Both need to be set up with the same initial QR code. So if you still have a copy of the QR code you used before then you don’t need to start from scratch, but if you don’t you would have to start over.
You might have to reset the 2FA on each site. If it is the kind where you have an app that generates a code, and you type in the code, then it is easy to duplicate in multiple authenticator apps. You’ll usually get a QR code to scan to create the entry. Just scan it on multiple devices. There is also usually a string you can enter, too, and that can be pasted into multiple apps.
Some apps, like Duo, will backup your codes, so if you lose your phone you can reinstall the app, verify you are you, and then it will reload the codes.
Some password managers can also act as an authenticator app, in which case the code is stored however your passwords are stored, and not tied to a specific device.
Yes. In handling the deaths of some older relatives over the last few years, I proved that if I have access to their phone and email, then I could get into any of their accounts. Resetting passwords was easy as long as I had one or both of those two things.
Can you access your email from your phone without entering a password?
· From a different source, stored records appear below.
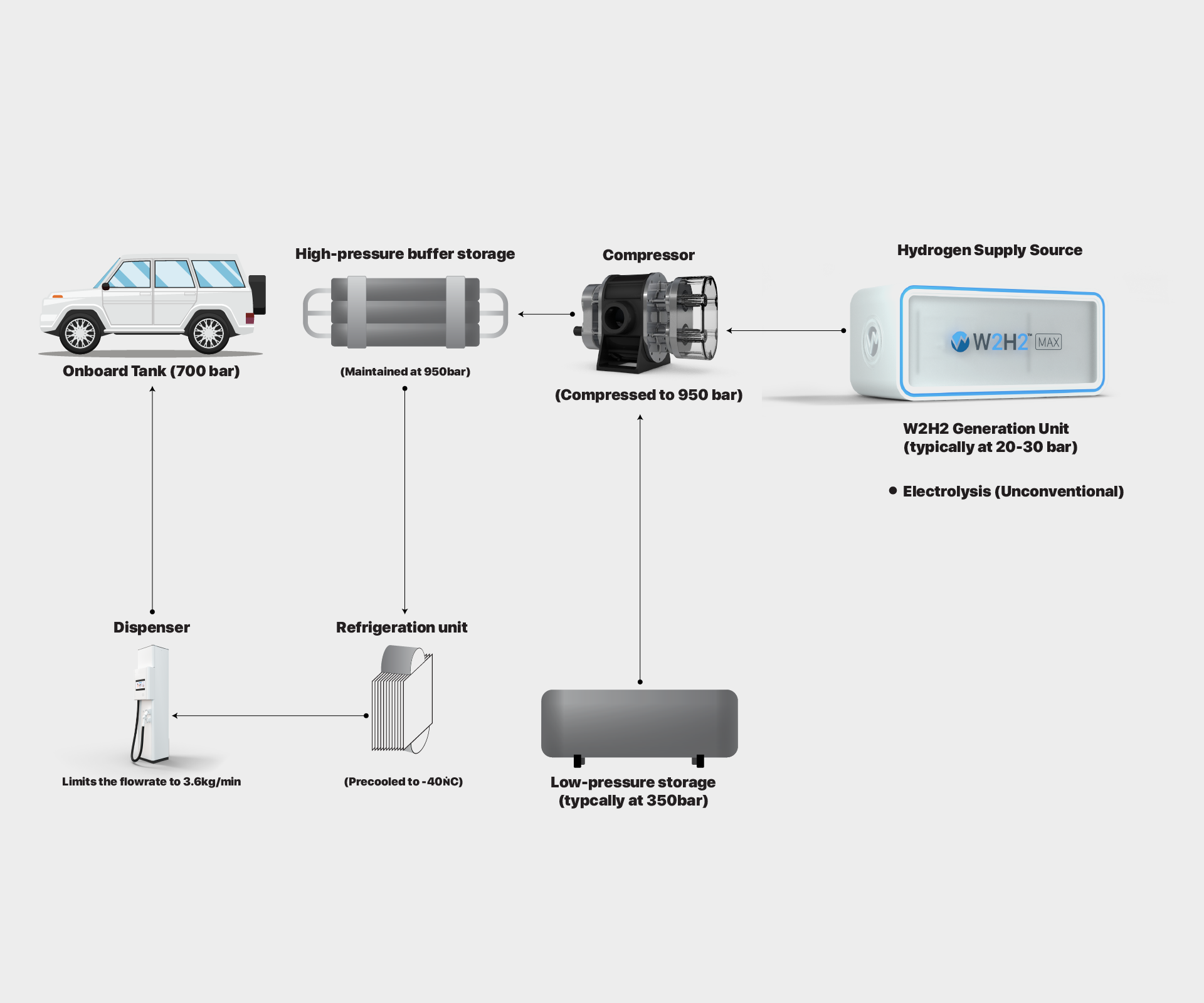 W2H2를 통해 고객은 하루에 여러 대의 차량에 연료를 공급할 수 있는 대규모 수소 생산 능력을 현장에서 구축할 수 있습니다.
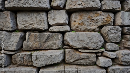 © julfiar, Fototapeta premium Old ancient gray stone wall close up. Background texture for backdrops or mapping
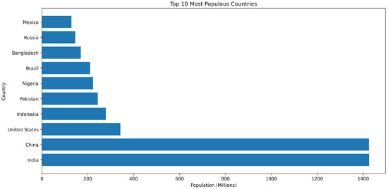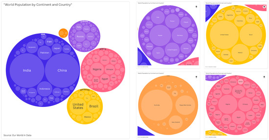 Interactive circle packing visualization of global population distribution in 2023. Countries are grouped by continent, with circle sizes proportional to population. The hierarchical layout reveals both continental and national-level population patterns, highlighting Asia’s demographic dominance led by China and India. Interactive version available at https://public.flourish.studio/visualisation/20110969/ (accessed on 1 January 2025).
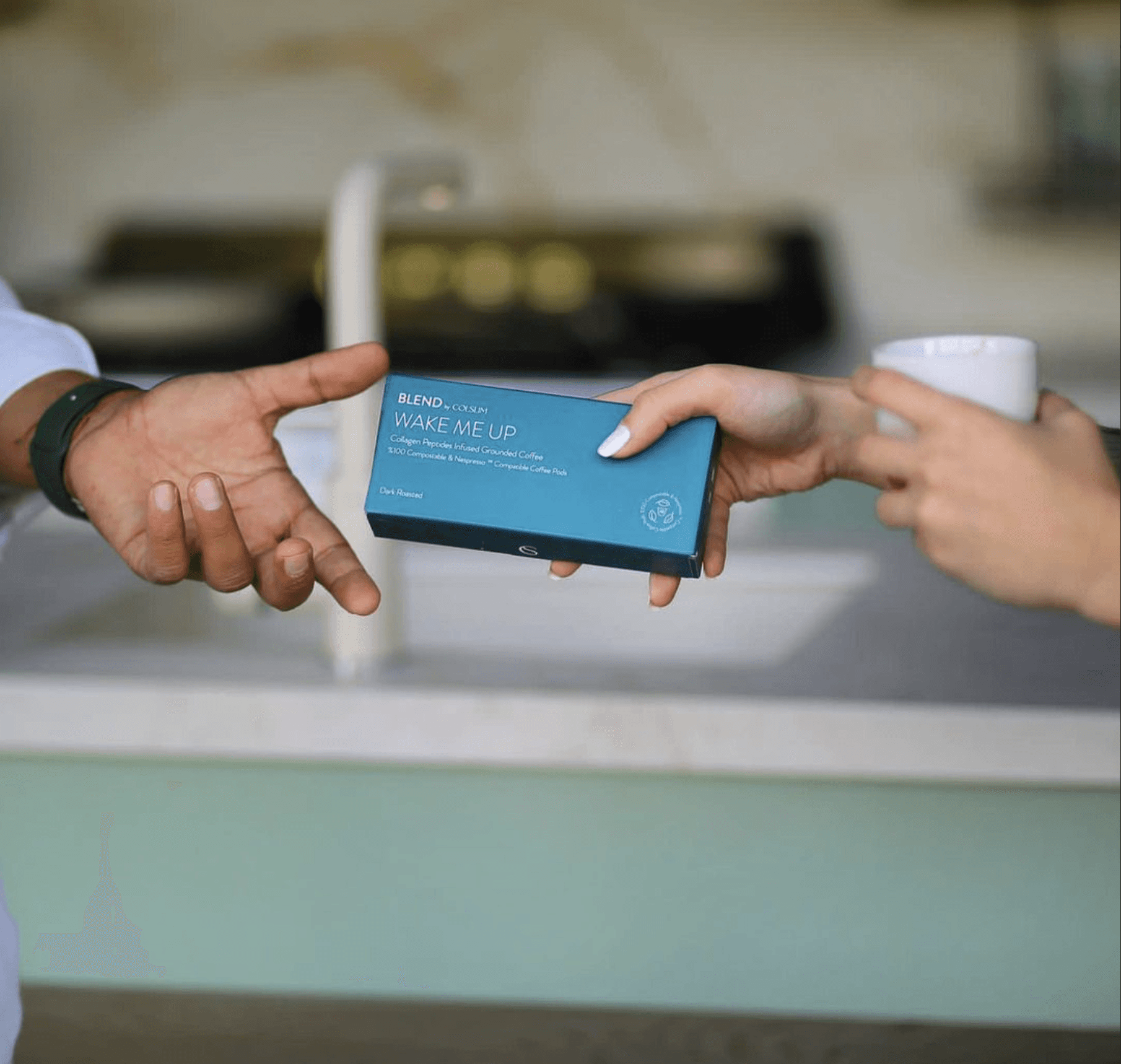 Brand identity design for a collagen-infused coffee capsule, blending lifestyle appeal with scientific clarity.
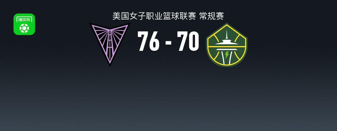北京时间6月15日美国女子职业篮球联赛 常规赛,金州女武神对阵西雅图风暴。半场金州女武神44-31风暴,最终金州女武神76-70风暴。金州女武神凯拉-桑顿22分12板1助,法格宾莉16分7板2助;西雅图风暴斯凯勒-狄金斯21分3助,A-克拉克11分3板1助。
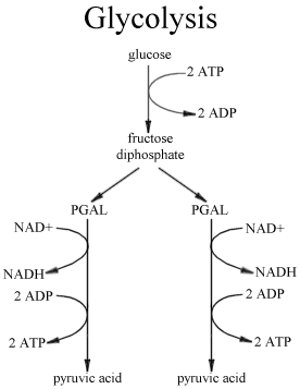 - 1) A glucose molecule is split into 2 PGAL molecules by the oxidation of 2 ATP (Energy investment)
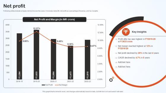 Following slides include company net income over the years. It includes net profit, net profit as a percentage of revenue, and key insights. Slidegeeks has constructed Net Profit Hero Bike Company Profile CP SS V after conducting extensive research and examination. These presentation templates are constantly being generated and modified based on user preferences and critiques from editors. Here, you will find the most attractive templates for a range of purposes while taking into account ratings and remarks from users regarding the content. This is an excellent jumping-off point to explore our content and will give new users an insight into our top-notch PowerPoint Templates. Following slides include company net income over the years. It includes net profit, net profit as a percentage of revenue, and key insights.
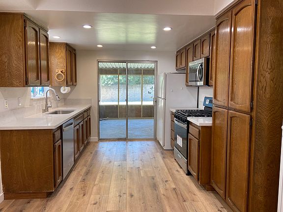 Welcome to this charming 4 bedroom, 2.5 bath home located in the desirable neighborhood of Winnetka. Enter into an open/large living & dining area with direct patio access that connects to a bonus room that makes a great work-from-home space. The kitchen features a new stove & dishwasher and connects to the enclosed/screened patio area & an additional covered patio, all surrounded by a fenced/private backyard. Upstairs is a primary bedroom with a vaulted ceiling, en-suite bath & walk-in closets. There are 3 additional bedrooms with closets, a full hall bath and hallway closet built-ins. There is an additional half bath downstairs located next to the laundry area with washer & dryer. Central AC/heat to keep you comfortable year round. The two-car garage provides ample parking & storage space with additional parking in the driveway. A gardener is included to maintain the landscaping surrounding the property. Don't miss out on the opportunity to make this house your home!
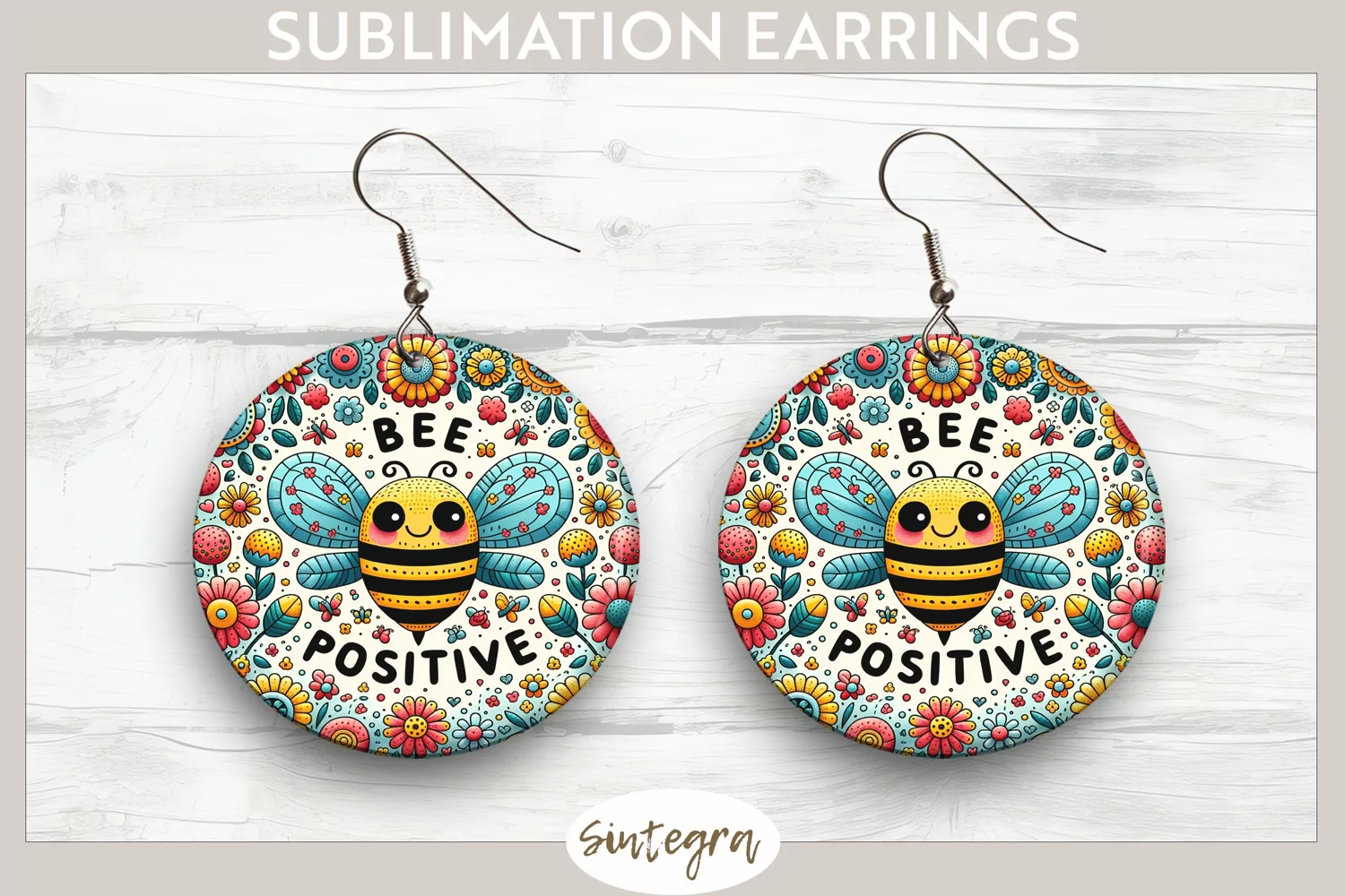 Bee Positive v5 Round Earrings Sublimation example image 1

If so, then consider your phone as having passwordless access to all of your accounts.
I lost my phone a couple months ago. Still haven’t found it. When I called it, it went right to voice message and find my phone app didn’t work either. Just at that moment, my email provider (McGill University) chose that moment to ask for re-authentication. Previously, they had used a program called Authy that ran on my laptop and provided the second factor, but that had been abandoned a month or so earlier. So now the second factor arrived on my phone. So I called the computer centre and they transferred it to my wife’s phone, but it took a while. I have replaced my phone and would like to have it moved back, but there seems to be no way short of going through a human at the CC.
One thing I discovered during this process is that after 87 years on this planet, I have no (usable) fingerprints. I tried to put them on my new phone and they just didn’t register. I’m too old to start a life of crime but… . Of course, now they likely use DNA.